Le violon d'Ingres by Man Ray
The voice, if you think about it, is a very strange instrument. Unlike a flute which uses air and manipulation of the fingers, or a violin that uses a bow, resonating chamber and strings, in singing, the instrumentalist and the instrument are one and the same. And unlike an instrument which has a fixed body, singers change the shape of their instrument whenever they move their throat, tongue and jaw.
It’s thanks to this flexibility that we humans have such an amazing variety of sounds at our disposal. Just look at the plethora of languages in the world. And like chickens that have forgotten their wings can be used for flying, there are probably sounds we can make that we don’t even realize we can. Part of the fun of singing is that it gives us permission to explore those sounds.
Nearly every vocal experiment is an exploration of resonance. If you imagine for a moment that we are headless, the sound our vocal cords would make all by themselves would be like that a trumpet player’s lips make without the actual trumpet. It’s the body of the trumpet (and in a singer’s case, the throat, mouth and nasal cavities) which resonates with the flow of air, vibrating and amplifying it to make actual recognizable notes.

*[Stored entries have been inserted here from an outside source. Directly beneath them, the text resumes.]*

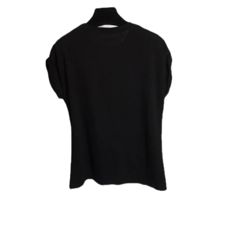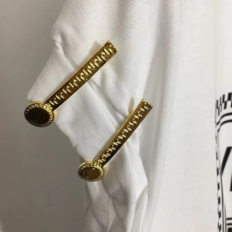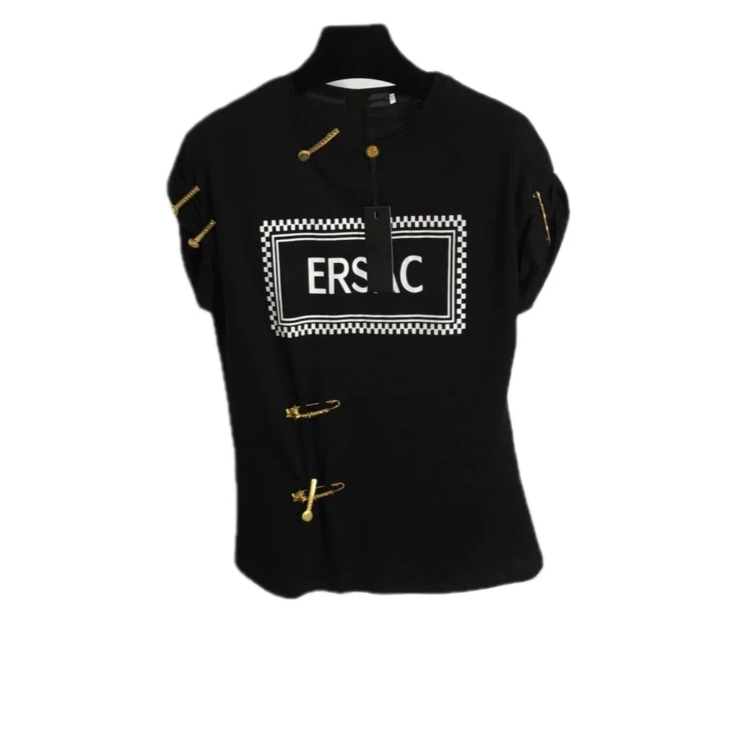 Featuring a trendy letter print and stylish metal pin, this T-shirt adds a contemporary touch to any outfit.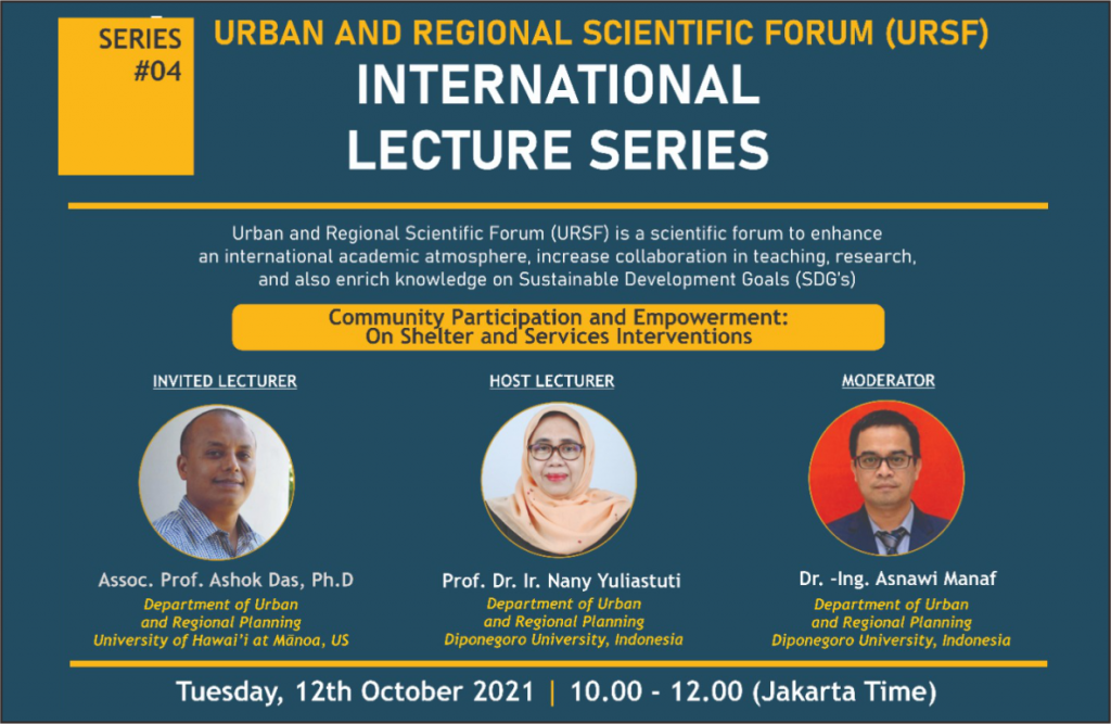 Pada hari Selasa, 12 Oktober 2021 telah berlangsung kegiatan International Lecture Series 2021 seri keempat secara daring via Zoom dan disiarkan melalui kanal Youtube. Tema kegiatan tersebut ialah Community Participation and Empowerment: On Shelter and Services Interventions yang erat kaitannya dengan Tujuan Pembangunan Berkelanjutan ke-11 (Kota dan Komunitas Berkelanjutan). Kegiatan ini dimoderatori oleh Dr.-Ing. Asnawi […]
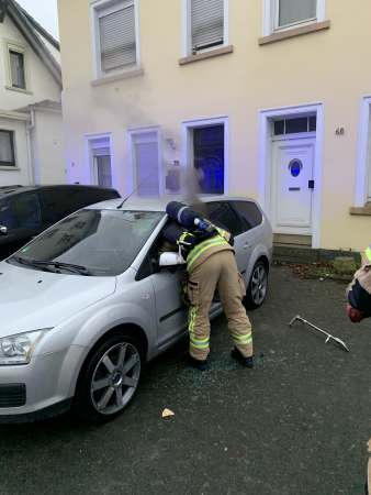 Bei dem Pkw-Brand handelte es sich um einen Brand im Innenraum des Fahrzeugs welcher vom Armaturenbrett aus ging. Der Innenraum wurde durch einen Trupp unter PA mit einem C-Rohr abgelöscht. Des Weiteren wurde Batteriemanagement durchgeführt. Nach Beendigung der Maßnahmen wurde die Einsatzstelle an die Polizei übergeben.
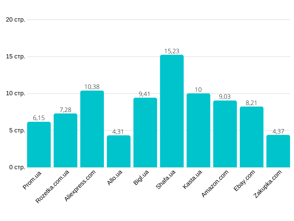 Больше всего страниц за раз пользователи просматривали на сайте Shafa.ua — 15. Это связано со спецификой маркетплейса — на нем люди не всегда ищут конкретный товар, а присматривают варианты доступных брендовых вещей.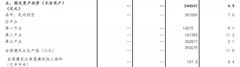 分產業看,第一產業投資14275億元,比上年增長9.1%;第二產業投資167395億元,增長11.3%;第三產業投資362877億元,增長2.1%。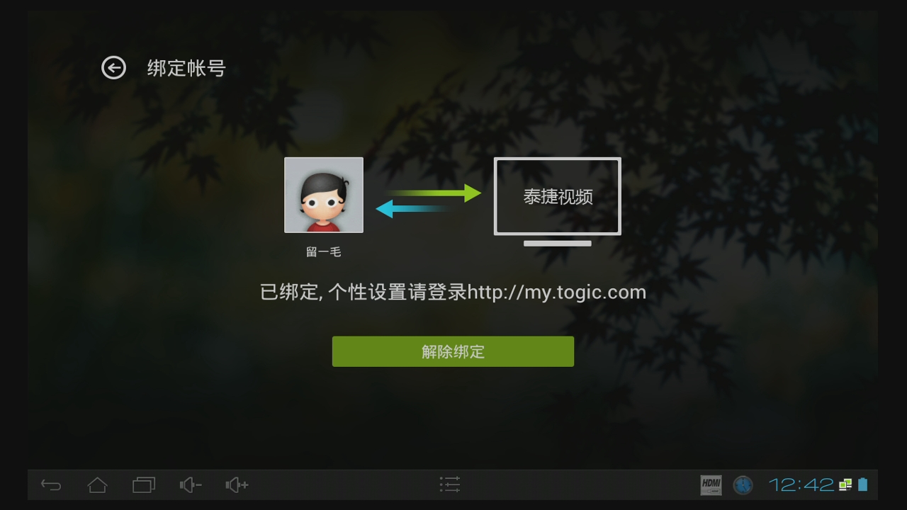 四、输入配对码之后,按确定进行绑定,绑定成功之后6个数字的配对码将变成你的绑定账号,如果配对码没有变化则说明绑定不成功,按解除绑定可对账号进行解绑,如图: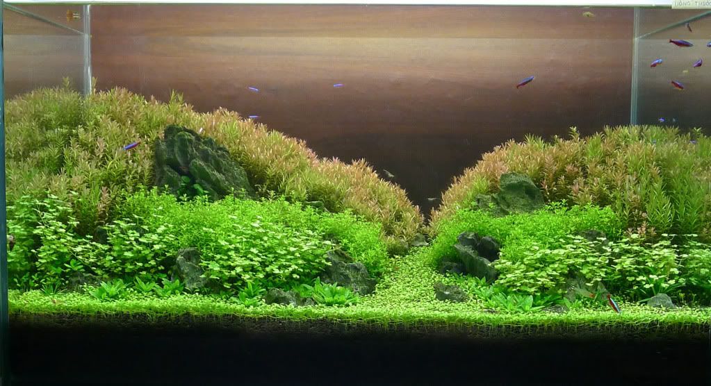 - Cây: xương cá + ngổ bò + trân châu nhật + rau thơm + ít rêu java + sao nhỏ + ngưu mao chiên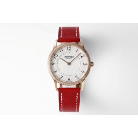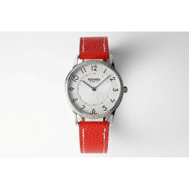 Slim D’Hermes Baton Pointer Red Leather Strap Watch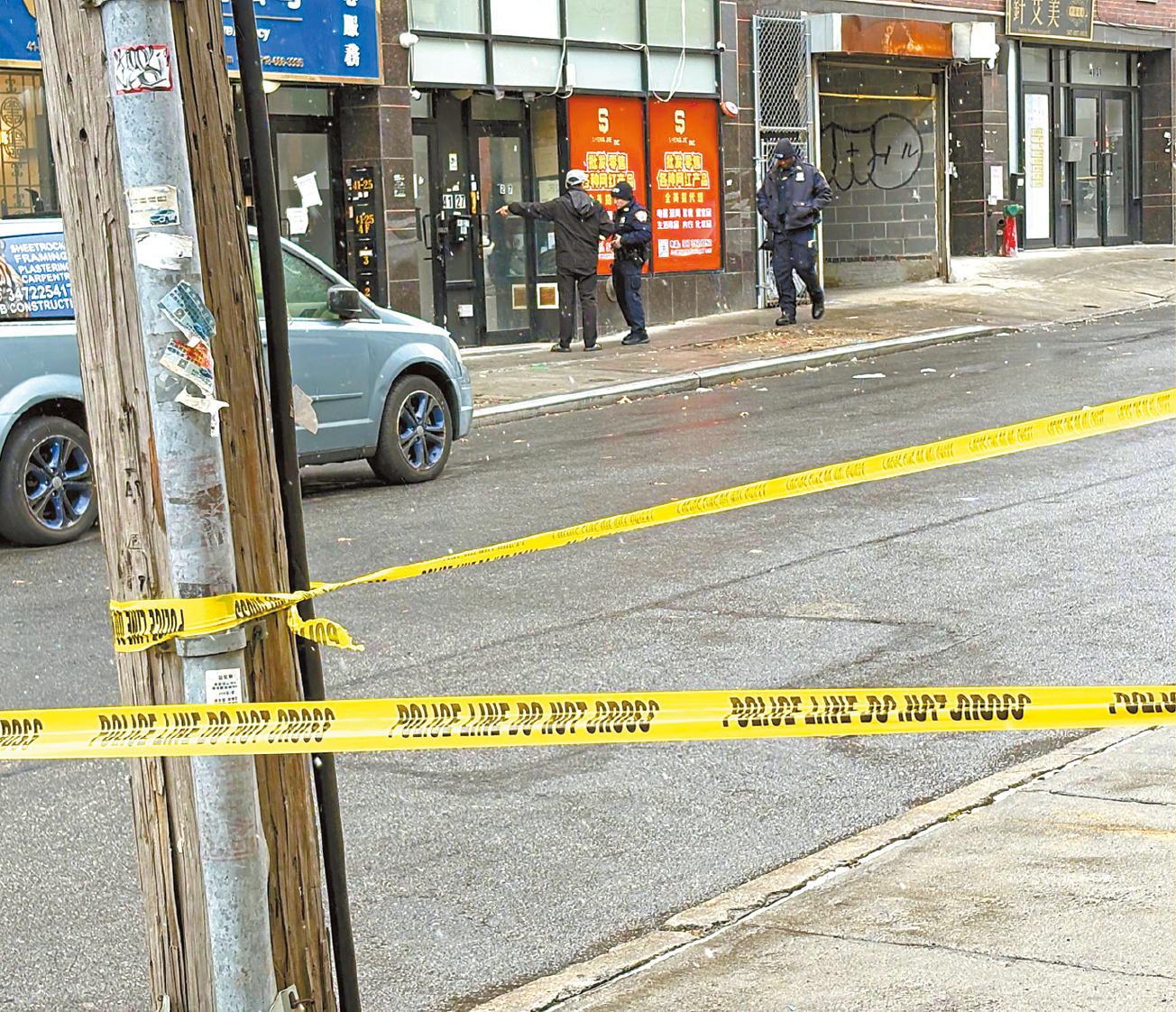 ▲法拉盛海特街一处疑似非法赌博场所发生抢劫枪击事件,两华人中枪罪案,警方封锁现场街道调查,至20日下午仍未解封。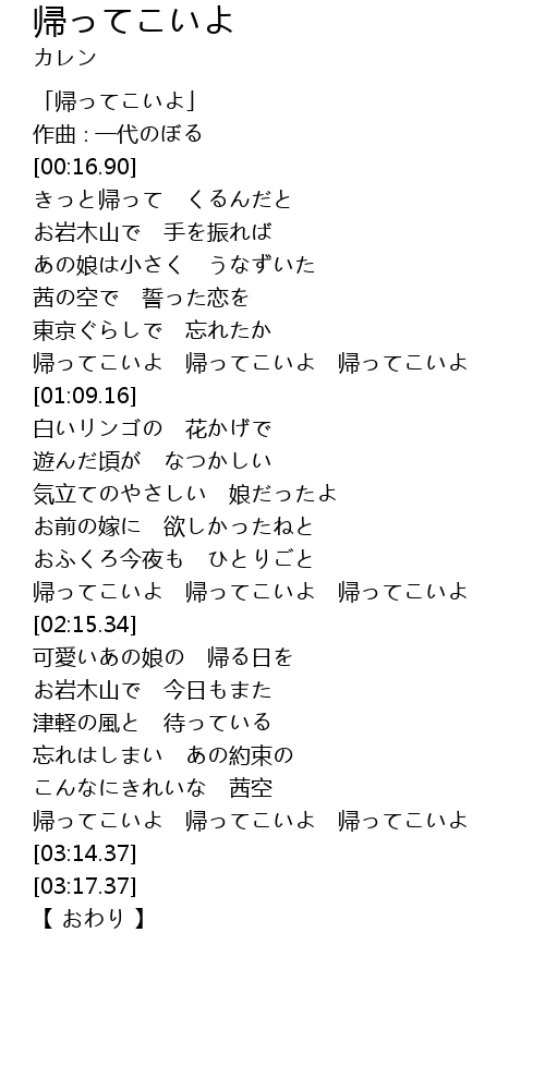 帰ってこいよ 帰ってこいよ 帰ってこいよ |

The way your voice resonates is determined by the body of your instrument: the anatomy and bone structure of your head, which you can’t control, but also by your tongue, throat and soft palate (mouse-over definition) which you can. To see just how much control you have, try this exercise:
Singing up and down a scale (do-re-mi-fa-sol-fa-mi-re-do), experiment with the following:
1. On a round “oh” vowel, increase the space in your pharynx by relaxing your throat and lowering your larynx 1 cm, while at the same time widening your laryngeal ventricle and pyriform sinuses.
2. Now, on an “ee” vowel, try lifting your larynx back to its original position, firming the tonus of your throat walls and lifting your soft palate so it closes off the nasal port.
Did you end up with a rich, dark tone full of depth for the first exercise, and a bright tone full of ring for the second? No? Well, just in case you are still doubting yourself, this exercise was to prove that, while we have an amazing amount of control over our resonators, little of it is direct or conscious. Resonance is where voice lessons get weird, because teachers must employ imagery and the illusion of “placement” to help the student brighten or darken the voice. Try the same two exercises on a scale again, (the first for a darker resonance and the second for a brighter one) but in singing terms:
1. As you inhale, focus on the sensation of the beginning of a yawn. Feel how your jaw hinges down, the throat deepens, and the space in the back of your mouth increases. Sing on “ah” or “oh” from this sensation.
2. Now, cultivate the feeling of an inner smile. Direct the sound vibrations to your upper front teeth as you sing on “ee”.
Scientifically singing, a bright voice has strong high partials (“ring”), and a darker voice strong lower ones (richness). How much of either you incorporate is largely a matter of taste, but the best voices find a comfortable balance and move flexibly between both.
One of the easiest and most common ways to add resonance to the voice is simply by listening and imitating. A good teacher should be able to demonstrate both. In case this way of talking about resonance is new to you, here are some audio examples:
Just as we use different tones of voice when we speak to get our point across, the amount of brightness or darkness a singer uses will vary from song to song, from style to style, and from one person’s preferences to the next. Have fun exploring both, and never underestimate all that your voice can do.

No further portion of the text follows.